In contrast to the stability in a spiked biological matrix, stock stability for small molecules is not assessed by reference to a calibration curve but by comparing the analytical response of a stored solution to that of a freshly prepared reference solution. The use of an existing stock solution as the reference, even when within its proven stability period, increases the risk of misinterpreting the stability of a stored stock solution and should be avoided (8). To limit error propagation in the preparation process of calibrators and QCs, it is recommended that the acceptable difference between the responses of fresh and stored solutions should be tighter than for spiked biological samples and not exceed ±10%, as was recently described (5). Similarly, in order to be able to reliably demonstrate such a small difference between fresh and stored solutions, the coefficient of variation for each set of replicates should be limited and preferably no more than 10%. With regard to internal standards, which are often applied in chromatographic methods, very frequently, a stable-isotope labeled form of the analyte or a close chemical analogue is used and the stability properties of these molecules typically are very similar to those of the analyte, when stored at identical conditions. In addition, internal standards are used for response normalization in a single run only and the suitability of the internal standard solution is thus evaluated daily by reviewing the results of the bioanalytical runs. Therefore, the continued long-term storage stability of internal standard solutions is much less critical than for standards solutions of the analytes. Often, it may not be necessary to separately assess the stability of internal standard solutions, if analyte stability has been demonstrated and, for stable-isotope labeled forms, if no isotope exchange occurs during storage. Internal standard stability assessment may be required in individual cases, when scientifically called for, such as in the case of molecules, solvents and/or storage conditions that are very different from those of the analyte. In such a case, wider acceptance criteria than for analyte stock stability are fully acceptable.

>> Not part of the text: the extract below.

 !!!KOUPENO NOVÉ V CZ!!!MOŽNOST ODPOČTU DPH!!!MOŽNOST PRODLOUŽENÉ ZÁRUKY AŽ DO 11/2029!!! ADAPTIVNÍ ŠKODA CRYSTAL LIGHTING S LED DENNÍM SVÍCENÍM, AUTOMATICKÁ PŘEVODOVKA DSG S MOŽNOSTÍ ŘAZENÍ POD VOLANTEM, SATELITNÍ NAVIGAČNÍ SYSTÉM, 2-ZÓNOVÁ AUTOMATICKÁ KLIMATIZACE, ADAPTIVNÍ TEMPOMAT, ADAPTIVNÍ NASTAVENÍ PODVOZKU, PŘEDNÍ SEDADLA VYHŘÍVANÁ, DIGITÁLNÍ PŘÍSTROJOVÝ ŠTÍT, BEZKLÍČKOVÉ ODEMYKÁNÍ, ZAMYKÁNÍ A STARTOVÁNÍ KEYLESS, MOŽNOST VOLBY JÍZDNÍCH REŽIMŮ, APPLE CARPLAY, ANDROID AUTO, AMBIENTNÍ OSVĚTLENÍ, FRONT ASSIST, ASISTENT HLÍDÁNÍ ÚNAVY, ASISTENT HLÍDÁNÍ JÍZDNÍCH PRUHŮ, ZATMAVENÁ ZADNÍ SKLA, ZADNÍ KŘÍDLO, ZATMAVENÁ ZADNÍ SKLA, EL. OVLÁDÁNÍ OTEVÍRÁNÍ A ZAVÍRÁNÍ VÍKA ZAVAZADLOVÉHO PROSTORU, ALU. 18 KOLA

For reference material received as a solution, the stability information provided by the manufacturer is acceptable for use and does not need to be regenerated at the analytical lab, provided that the manufacturer’s storage conditions are followed. When possible, dilutions should be prepared in the same solvent or buffer as the provided stock solution to build on the manufacturer’s stability documentation. If the manufacturer’s stability information covers a range of concentrations and temperatures that include the diluted stock concentration and storage, stability assessment does not need to be repeated.

Extract Stability

For methods using some form of sample extraction during analysis, such as most chromatographic assays, the assessment of analyte stability in the extracts is needed to ensure complete coverage of the relevant storage conditions. Post-preparative stability or extract stability refers to the stability of the analyte in sample extracts in general, while on-instrument stability refers to analyte stability in sample extracts during storage in an autosampler or any other instrument for serial analysis, prior to their actual analysis. Absolute (post-preparative or on-instrument) stability is defined as the absolute constancy of a concentration over time, as measured against a freshly extracted calibration curve, while relative (post-preparative or on-instrument) stability is defined as the constancy of a concentration over time relative to a calibration curve that is extracted and stored together with the sample extracts.

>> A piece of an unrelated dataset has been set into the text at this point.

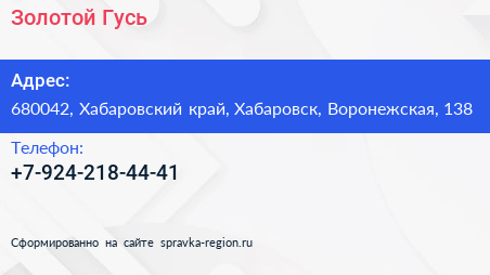 Золотой Гусь по адресу 680042, Хабаровский край, Хабаровск, Воронежская, 138 в дальнейшем Организация, размещена в следующих категориях:

Post-preparative stability needs to be determined for all conditions to which extracts will be subjected. The stability of extracts during storage prior to placement in the autosampler, such as a few hours at room temperature, does not need to be assessed as a standard. As long as extracted study samples are always stored together with and under identical conditions as the extracted calibration and quality control samples, it is not necessary to establish the absolute post-preparative or on-instrument stability, because any degradation over time will occur to the same extent for study samples, calibrators, and QCs. In such a case, it will suffice to assess relative post-preparative or on-instrument stability, as long as sufficient sensitivity is maintained for quantification.

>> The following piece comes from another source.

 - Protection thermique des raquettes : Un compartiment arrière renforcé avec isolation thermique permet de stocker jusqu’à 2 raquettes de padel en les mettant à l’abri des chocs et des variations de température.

Re-injection reproducibility refers to the possibility to re-inject a complete or partial batch of samples into the analytical instrument. This is typically done by analyzing a set of samples, re-injecting them together with the calibrators, and calculating the result against the re-injected calibration curve and/or against a freshly extracted curve. It should be noted that this is, in fact, a reproducibility assessment rather than a stability assessment.

Whole Blood Stability

Although analytes being measured in plasma or serum will be stored in whole blood for some time during the sampling process and information about their stability in this period of time would be needed, there is accumulating evidence that there is little difference between stability in plasma/serum and stability in whole blood except for some well-defined classes of (small) molecules such as N-oxides and hydroxamic acids (12). Whole blood stability testing may therefore not be strictly necessary in all situations as long as plasma/serum stability under the same storage conditions has been demonstrated. It is recommended that stability in whole blood should be assessed at least for compounds belonging to these classes and for compounds with borderline stability in plasma/serum.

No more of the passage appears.